Yes.
I was concerned about sample bias. However, I found this paper.
In Virginia, a cohort of 634 cases of sexual assault and/or homicide dating from 1973 to 1987 was discovered to have retained physical evidence. Since most state legislation that requires evidence storage was enacted in the post-DNA era...the Virginia cases provides a unique opportunity to determine how often DNA testing can be used to identify wrongful convictions. The results can be generalized (with caveats) because the physical evidence was retained for reasons unrelated to the case outcome, and the cases were assigned to the serologist who retained the evidence in a way that did not introduce bias.
They found DNA evidence that was "supportive of exoneration" (versus "inculpative" or "exonerative but insufficient") in 8% of sexual assault convictions (33 in 422) . However, many of the cases provided no determinate evidence, (which means something like too little DNA or no reference DNA). Among cases that provided determinate evidence, 15% (33 in 227) seemed supportive of exoneration.
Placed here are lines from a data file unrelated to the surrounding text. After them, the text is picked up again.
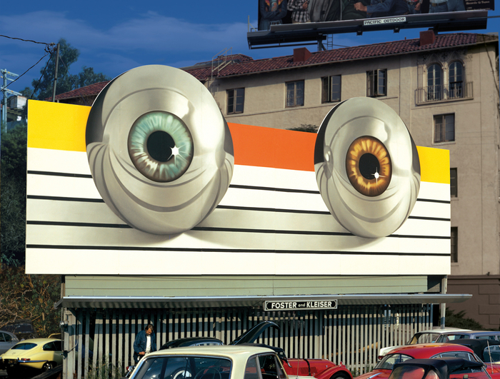 “这是我最喜欢的一幅。它的灵感来源于谁人乐队的摇滚歌剧《托米》,这是一部关于又聋又盲的弹子球天才的作品。考虑到这是一种商业媒体,但这些广告牌并不那么商业化。在很多例子中,甚至都没有提示你所售物为何的文字。或许只有少数人能理解,这两个眼球,代表的是长了眼睛的镀铬弹子球。”
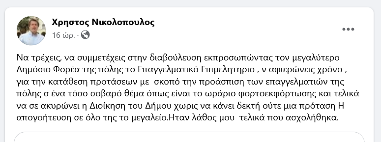 Έχω ξεκαθαρίσει από την πρώτη στιγμή πως μέλημά μας είναι η βιωσιμότητα και η ανταγωνιστικότητα των επιχειρήσεων της πόλης, η ανάταξη της τοπικής οικονομίας. Επιστρέφω τους χαρακτηρισμούς περί δήθεν ¨προσχηματικής¨ διαβούλευσης και καλώ τους επαγγελματίες στο τραπέζι του διαλόγου, το οποίο ποτέ δεν έχω εγκαταλείψει.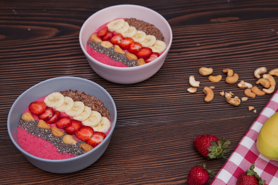 - Üzeri için meyveleri dilimleyin. Sırasıyla keten tohumu, muz, çilek, kaju ve çiya tohumunu şeritler halinde dizin.

They present quite a bit of other statistical analysis, but this isn't quite my skill set and I'll need to set aside time to go through it later. I didn't find any other data sources of similar quality, but I looked for <30min. There was a more recent project in Arizona that tried to apply DNA testing more broadly, but that was aimed at doing a cost/benefit for current testing.
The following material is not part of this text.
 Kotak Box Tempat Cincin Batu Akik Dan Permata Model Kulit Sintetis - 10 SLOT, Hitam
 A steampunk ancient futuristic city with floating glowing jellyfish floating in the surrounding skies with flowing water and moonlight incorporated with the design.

Are those two sets of 33 the same 33? If so, then that deserves calling out, because at first reading (at least to me) it sounds like some of the 8% are only "supportive of exoneration" because of a lack of DNA evidence.
Today an Italian court has declared that Amanda Knox is, once again, guilty. She did not attend that trial (is not required to in Italy), so her final verdict will be either by appeal to the Supreme Court of Italy or the US extradition court. Extradition requests might be impeded due to the fact US does not have double jeopardy.
Previously on LessWrong, in The Amanda Knox Test: How an Hour on the Internet Beats a Year in the Courtroom there was some complaint that it actually took more than an hour on the internet to thoroughly research the case. Of course, the courts have been at this since 2007...
Her co-defendant, Raffaele Sollecito, who did show up at the trial, got sentenced to 25 years, but I don't know for sure where he is now because apparently he's totally unimportant and who cares (the media's opinion, not mine). I'm fairly sure he's in Italy though. So far it seems the plan is to revoke his passport but not arrest him.
Anyone want to take their hand at making predictions?